Colombia.- El presidente Gustavo Petro ha sembrado dudas sobre la veracidad los resultados provisionales de la primera vuelta de las presidenciales en Colombi. En contra de lo que pronosticaban los sondeos, el preconteo ha dado la victoria al candidato de la extrema derecha Abelardo de la Espriella con el 43,7% de los votos. Se enfrentará al senador Iván Cepeda, el aspirante del oficialismo, que logró el 40,9%. “Como presidente no acepto los resultados del preconteo”, anunció Petro en X en referencia a la información rápida que publica la Registraduría Nacional en la noche electoral.
“El llamado conteo transmitido no tiene fuerza vinculante. Sus datos no son norma pública”, dijo Petro en su publicación. El presidente está criticando el sistema de contabilización de votos que rige en el país y siembra dudas, una vez más, sobre la fiabilidad de una empresa privada que sirve de contratista de la Registraduría para toda la logística electoral.

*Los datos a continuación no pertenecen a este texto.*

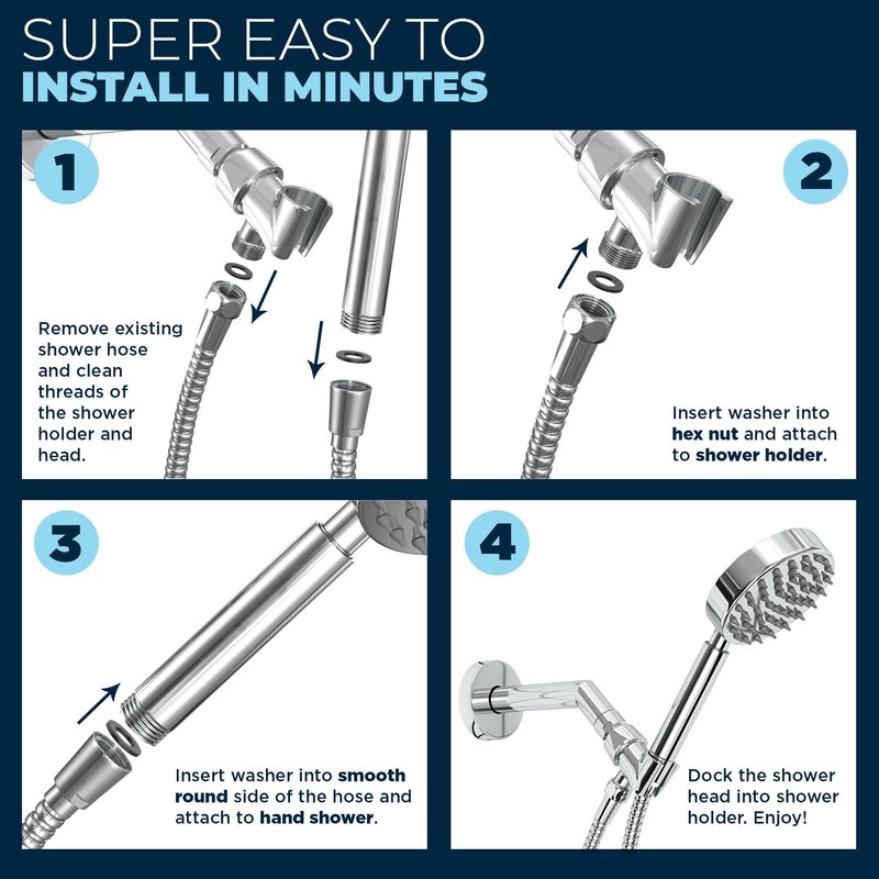 - EASILY INSTALLS IN MINUTES – Complete shower hose extension kit includes everything you need: a 72” metal shower hose, preinstalled rubber washers, and DIY-FRIENDLY instructions. Screw it on, and you’re good to go!

En Colombia, la votación se cuenta dos veces. Primero, en la noche electoral, se hace un conteo rápido, que, como dice Petro, no tiene efectos legales, sino políticos. De él se encarga una empresa contratada por la Registraduría para toda la logística de los comicios, una que Petro ha criticado de forma sostenida durante años. Es a esa empresa a la que dedica parte de su mensaje.
“No acepto los resultados del preconteo de la firma privada de los hermanos Bautista, porque debiendo estar quietos los algoritmos del software de conteo y escrutinios, en la última semana fueron variados en tres oportunidades y agregaron 800.000 cédulas más de personas que no están en el censo oficial presentado”, escribió de forma críptica, sin dar más detalles ni aportar evidencias. Hasta el momento no había denuncias o señalamientos de tal aumento entre los colombianos habilitados para votar.

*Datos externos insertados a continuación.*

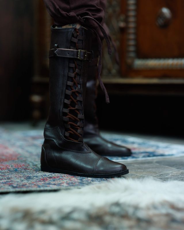 Las botas con cordones «Taras» se inspiran en las botas de montar tradicionales de los cosacos. En esta segunda edición, hemos mejorado aún más su ajuste para ofrecer aún más comodidad y flexibilidad. Fabricadas en resistente piel de vacuno, la caña se ajusta a la pantorrilla gracias a los cordones. Una correa con hebilla de latón proporciona mayor sujeción. Las botas «Taras» se pueden llevar tanto completamente cerradas como parcialmente abiertas y dobladas, lo que les confiere un aspecto versátil. Su corte es ligeramente más estrecho, pero se adaptan perfectamente al pie gracias a su material elástico. Para pies más anchos, recomendamos elegir una talla más o usar plantillas. En esta segunda edición, también hemos incorporado una suela de plástico impermeable con un perfil fino que proporciona buen agarre y durabilidad.
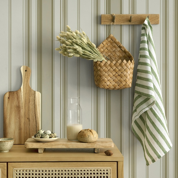 Behang Roze strikken op verticale strepen tegen een lichte achtergrond
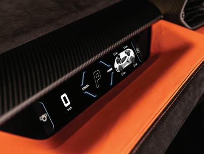 Supercar makers are seldom at the cutting edge of digital technology and often plough their own furrows and so it proves with the Revuelto. There’s a single flat instrument binnacle with a huge central rev counter, a digital speedometer, displays for battery state of charge and fuel contents, with flanking gauges for the radio/stereo and power distribution, although you can shift these around.

Petro, sin embargo, remarca la existencia de otro procedimiento, uno posterior. El lunes siguiente a cada elección, que en Colombia se hacen los domingos, se instalan comisiones escrutadoras compuestas por jueces, notarios y otros funcionarios públicos. Ellos son los encargados del conteo final, conocido como escrutinio. En ese recuento se revisa mesa a mesa las irregularidades que pueda haber, en un proceso minucioso y demorado que incluye abogados, apelaciones y la posible apertura de bolsas con votos. Es la que Petro dice que acepta. “Los resultados vinculantes que el presidente atenderá y aceptará son los de las comisiones escrutadoras dirigidas por los jueces de la República”, dijo. Es decir, Petro no rechaza las elecciones, sino los primeros datos revelados este domingo y sus consecuencias políticas.

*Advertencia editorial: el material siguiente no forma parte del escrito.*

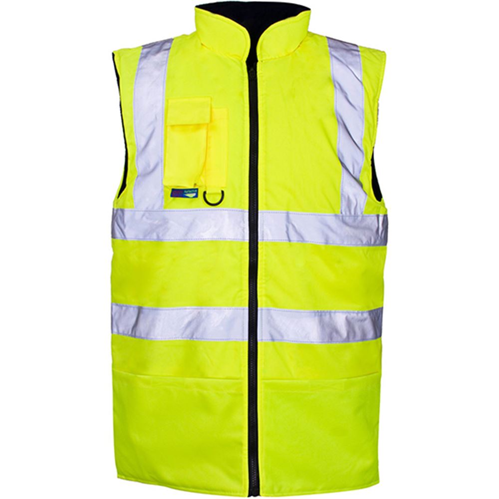 Supertouch Yellow Fleece Lined Hi Vis Reversible Bodywarmer
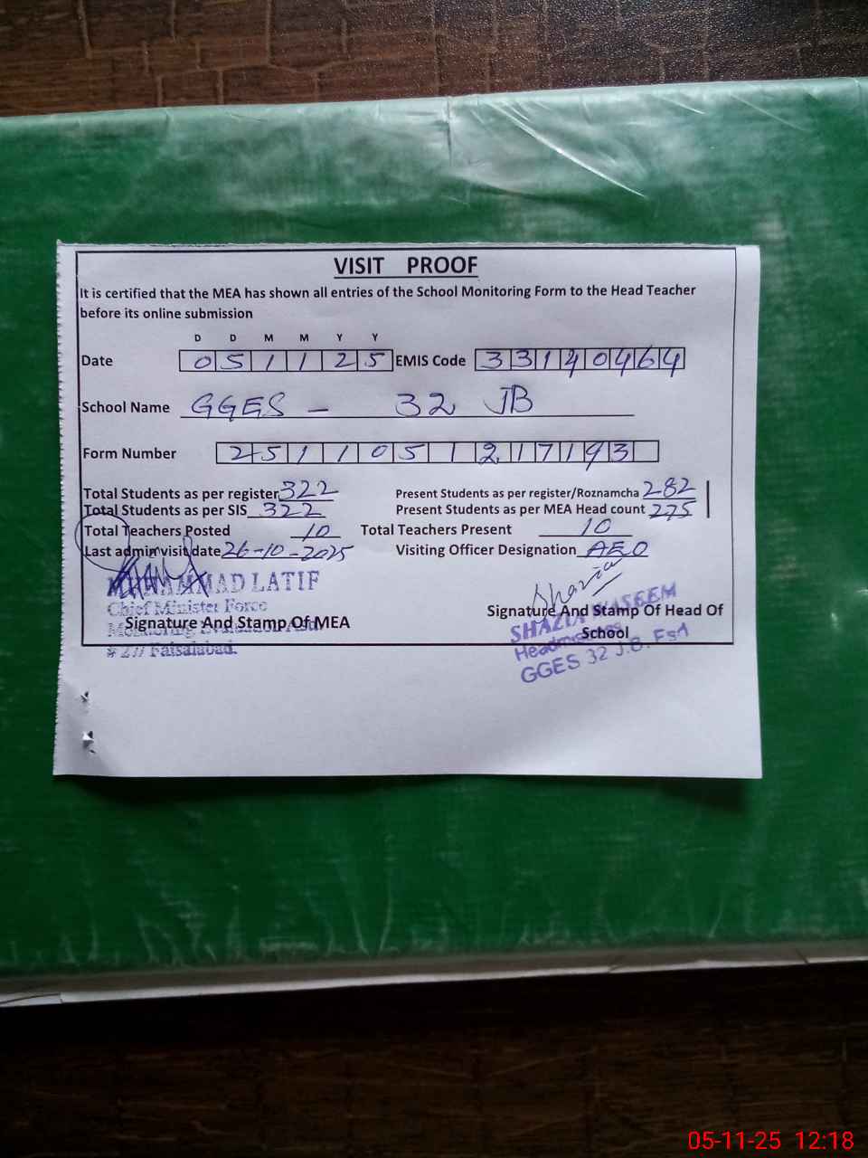 | Attendance Register | Head Teacher | MEA with School | Visit Proof |

Iván Cepeda también ha rechazado los datos provisionales. “Hemos logrado más de 10 millones de votos mal contados”, anunció. “El presidente de la República acaba de pronunciarse sobre un desfase que queremos verificar en torno al censo electoral. Y no es cualquier desfase. Estamos hablando de 850.000 personas. Queremos que eso se aclare”, dijo. Cepeda dijo que “existe información sobre un número determinado de mesas”, que están verificando, en las que se han presentado “votaciones atípicas”. “Solo cuando las comisiones escrutadoras dejen totalmente aclarado este asunto nos vamos a pronunciar sobre los resultados de esta noche”.
El ultraderechista Abelardo de la Espriella ha rechazado las declaraciones del presidente Gustavo Petro y su candidato Cepeda. “No se atrevan a insistir en desconocer los resultados de las elecciones porque el pueblo se va a levantar y los va a castigar. Son un par de bandidos que vamos a jubilar”, ha declarado el ultra ante una multitud en el Malecón de Barranquilla.
El ultra ha hecho “un llamado a la fuerza pública, al Ejército, para que activen el mecanismo constitucional en caso de que este delincuente, drogadicto y miserable, pretenda desconocer la voluntad del pueblo colombiano”. Ha señalado que la democracia debe mantenerse “por la razón o por la fuerza”.